THE DATA.
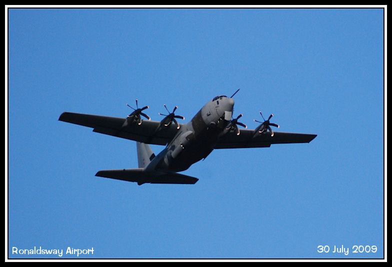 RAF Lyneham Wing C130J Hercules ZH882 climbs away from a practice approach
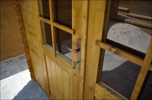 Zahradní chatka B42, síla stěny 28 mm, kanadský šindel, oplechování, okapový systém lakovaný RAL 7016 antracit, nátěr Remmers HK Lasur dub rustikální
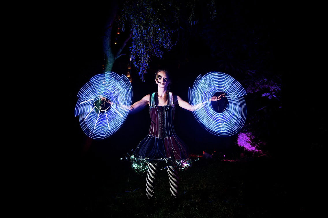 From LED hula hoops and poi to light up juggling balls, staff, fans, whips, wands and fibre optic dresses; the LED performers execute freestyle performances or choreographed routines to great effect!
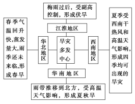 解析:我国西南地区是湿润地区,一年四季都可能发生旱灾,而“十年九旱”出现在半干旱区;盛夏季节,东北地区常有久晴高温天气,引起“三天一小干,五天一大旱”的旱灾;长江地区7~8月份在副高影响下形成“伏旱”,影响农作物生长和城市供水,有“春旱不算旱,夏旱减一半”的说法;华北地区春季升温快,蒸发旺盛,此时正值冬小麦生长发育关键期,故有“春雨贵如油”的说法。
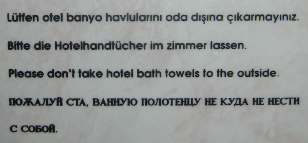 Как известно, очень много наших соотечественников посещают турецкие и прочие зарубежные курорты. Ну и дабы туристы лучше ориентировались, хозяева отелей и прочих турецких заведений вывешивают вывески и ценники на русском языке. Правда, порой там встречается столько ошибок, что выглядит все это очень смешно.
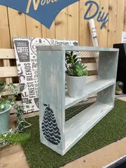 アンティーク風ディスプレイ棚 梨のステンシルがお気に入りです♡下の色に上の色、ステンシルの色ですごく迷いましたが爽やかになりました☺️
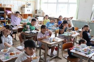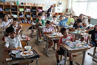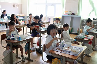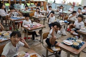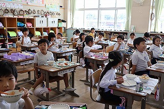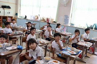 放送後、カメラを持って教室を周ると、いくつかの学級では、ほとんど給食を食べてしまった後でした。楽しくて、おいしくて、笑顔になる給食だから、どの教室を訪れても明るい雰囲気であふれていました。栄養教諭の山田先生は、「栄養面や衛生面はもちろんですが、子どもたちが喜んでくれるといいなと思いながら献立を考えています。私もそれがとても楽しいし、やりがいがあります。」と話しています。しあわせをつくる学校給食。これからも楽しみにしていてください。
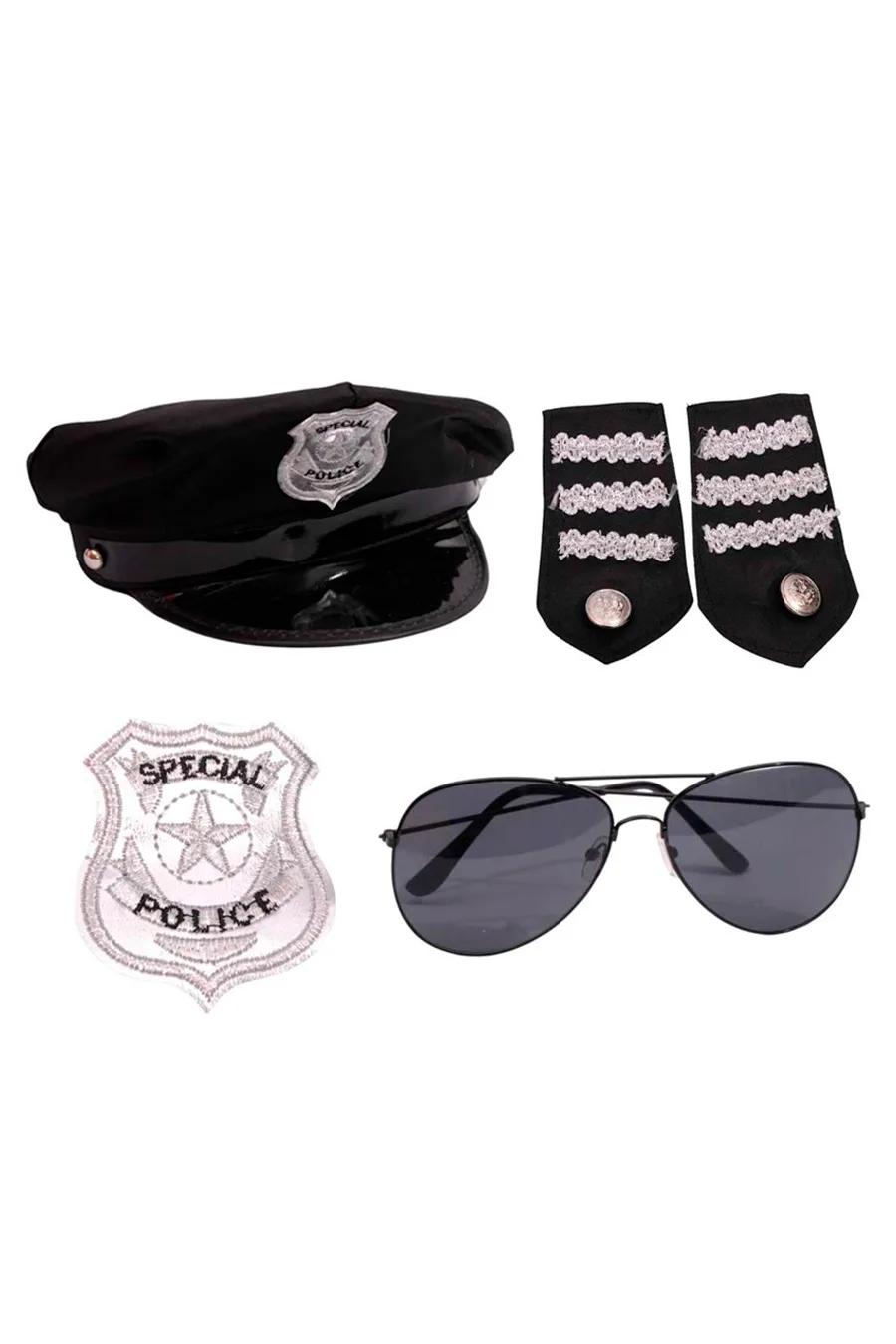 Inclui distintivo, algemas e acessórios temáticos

EXERCISE. Leave the pictures out and return the rest of the listing exactly.

COMPLETED EXERCISE.
 RAF Lyneham Wing C130J Hercules ZH882 climbs away from a practice approach
 Zahradní chatka B42, síla stěny 28 mm, kanadský šindel, oplechování, okapový systém lakovaný RAL 7016 antracit, nátěr Remmers HK Lasur dub rustikální
 From LED hula hoops and poi to light up juggling balls, staff, fans, whips, wands and fibre optic dresses; the LED performers execute freestyle performances or choreographed routines to great effect!
 解析:我国西南地区是湿润地区,一年四季都可能发生旱灾,而“十年九旱”出现在半干旱区;盛夏季节,东北地区常有久晴高温天气,引起“三天一小干,五天一大旱”的旱灾;长江地区7~8月份在副高影响下形成“伏旱”,影响农作物生长和城市供水,有“春旱不算旱,夏旱减一半”的说法;华北地区春季升温快,蒸发旺盛,此时正值冬小麦生长发育关键期,故有“春雨贵如油”的说法。
 Как известно, очень много наших соотечественников посещают турецкие и прочие зарубежные курорты. Ну и дабы туристы лучше ориентировались, хозяева отелей и прочих турецких заведений вывешивают вывески и ценники на русском языке. Правда, порой там встречается столько ошибок, что выглядит все это очень смешно.
 アンティーク風ディスプレイ棚 梨のステンシルがお気に入りです♡下の色に上の色、ステンシルの色ですごく迷いましたが爽やかになりました☺️
 放送後、カメラを持って教室を周ると、いくつかの学級では、ほとんど給食を食べてしまった後でした。楽しくて、おいしくて、笑顔になる給食だから、どの教室を訪れても明るい雰囲気であふれていました。栄養教諭の山田先生は、「栄養面や衛生面はもちろんですが、子どもたちが喜んでくれるといいなと思いながら献立を考えています。私もそれがとても楽しいし、やりがいがあります。」と話しています。しあわせをつくる学校給食。これからも楽しみにしていてください。
 Inclui distintivo, algemas e acessórios temáticos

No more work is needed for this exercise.